EXERCISE BRIEF - Retype the material below exactly, from its first line through the line with "1、进入软件后,首先在你的家庭界面,点击添加一名家庭成员"; the pictures stay out.

RAW DATA -
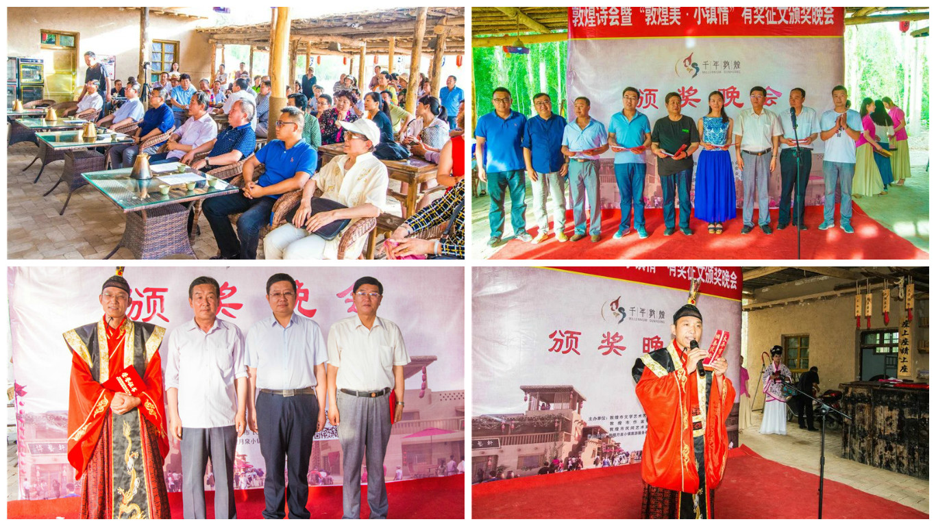 6月9日,端午佳節(jié),敦煌詩(shī)會(huì)暨“敦煌美·小鎮(zhèn)情”頒獎(jiǎng)晚會(huì)在月牙泉小鎮(zhèn)拉開帷幕。中共敦煌市委常委、宣傳部部長(zhǎng)、市政府副市長(zhǎng)王愛國(guó),敦煌市文聯(lián)名譽(yù)主席、書法家協(xié)會(huì)主席邊振國(guó),敦煌市文聯(lián)副主席趙虎,敦煌市文聯(lián)副主席、作家協(xié)會(huì)主席李茂錦,敦煌市文聯(lián)副主席趙福師,敦煌月泉小鎮(zhèn)旅游服務(wù)有限公司總經(jīng)理宿曉中,上海金翅鳥文化旅游發(fā)展有限公司監(jiān)事王文彬,千年敦煌·月牙泉小鎮(zhèn)商戶協(xié)會(huì)會(huì)長(zhǎng)劉軍共同見證了這個(gè)激動(dòng)人心的時(shí)刻。
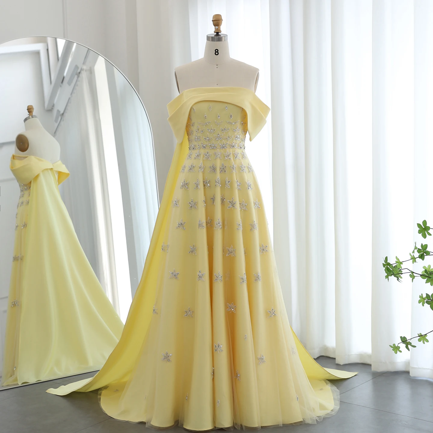 Sharon Said-Robe de Soirée en Satin Jaune pour Femme Arabe, Luxe, Dubaï, avec Cape Off, Initiée pour ixde Mariage, Tout ce que SS455 Personnalisé
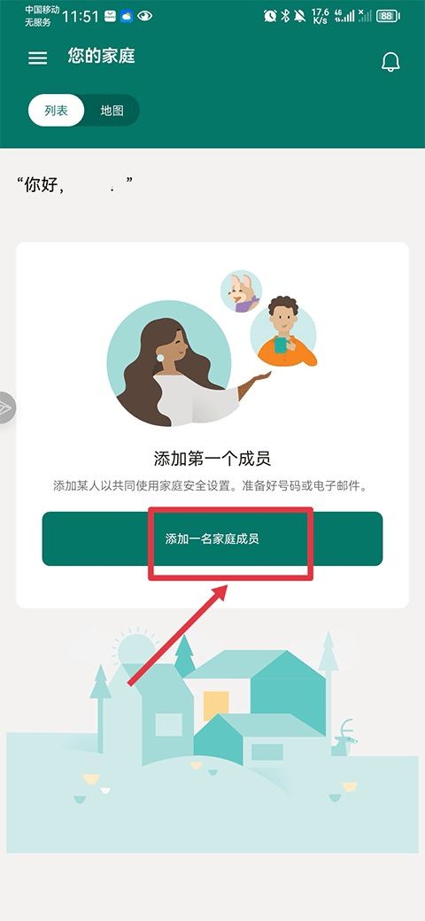 1、进入软件后,首先在你的家庭界面,点击添加一名家庭成员
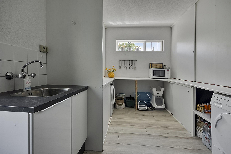 Fraaie hal met garderobehoek, toilet met wandcloset en fonteintje, zonnige tuingerichte woonkamer met open haard en schuifpui, welke toegang biedt tot de prachtige tuin. Aansluitend is de half open keuken gesitueerd, welke is ingericht met een kookeiland. Uiteraard is deze keuken v.v. alle denkbare apparatuur, zoals een combi oven, vaatwasser, inductie kookplaat met afzuiging, koelkast en quooker. Aansluitend is de eetkamer met tuindeuren, welke eveneens gesitueerd is aan de tuinzijde. Via de zij entree en keuken is een ruime berging/bijkeuken bereikbaar. De gehele begane grond is voorzien van keramische tegels (houtmotief) met vloerverwarming.

RESPONSE TO THIS TASK -
 6月9日,端午佳節(jié),敦煌詩(shī)會(huì)暨“敦煌美·小鎮(zhèn)情”頒獎(jiǎng)晚會(huì)在月牙泉小鎮(zhèn)拉開帷幕。中共敦煌市委常委、宣傳部部長(zhǎng)、市政府副市長(zhǎng)王愛國(guó),敦煌市文聯(lián)名譽(yù)主席、書法家協(xié)會(huì)主席邊振國(guó),敦煌市文聯(lián)副主席趙虎,敦煌市文聯(lián)副主席、作家協(xié)會(huì)主席李茂錦,敦煌市文聯(lián)副主席趙福師,敦煌月泉小鎮(zhèn)旅游服務(wù)有限公司總經(jīng)理宿曉中,上海金翅鳥文化旅游發(fā)展有限公司監(jiān)事王文彬,千年敦煌·月牙泉小鎮(zhèn)商戶協(xié)會(huì)會(huì)長(zhǎng)劉軍共同見證了這個(gè)激動(dòng)人心的時(shí)刻。
 Sharon Said-Robe de Soirée en Satin Jaune pour Femme Arabe, Luxe, Dubaï, avec Cape Off, Initiée pour ixde Mariage, Tout ce que SS455 Personnalisé
 1、进入软件后,首先在你的家庭界面,点击添加一名家庭成员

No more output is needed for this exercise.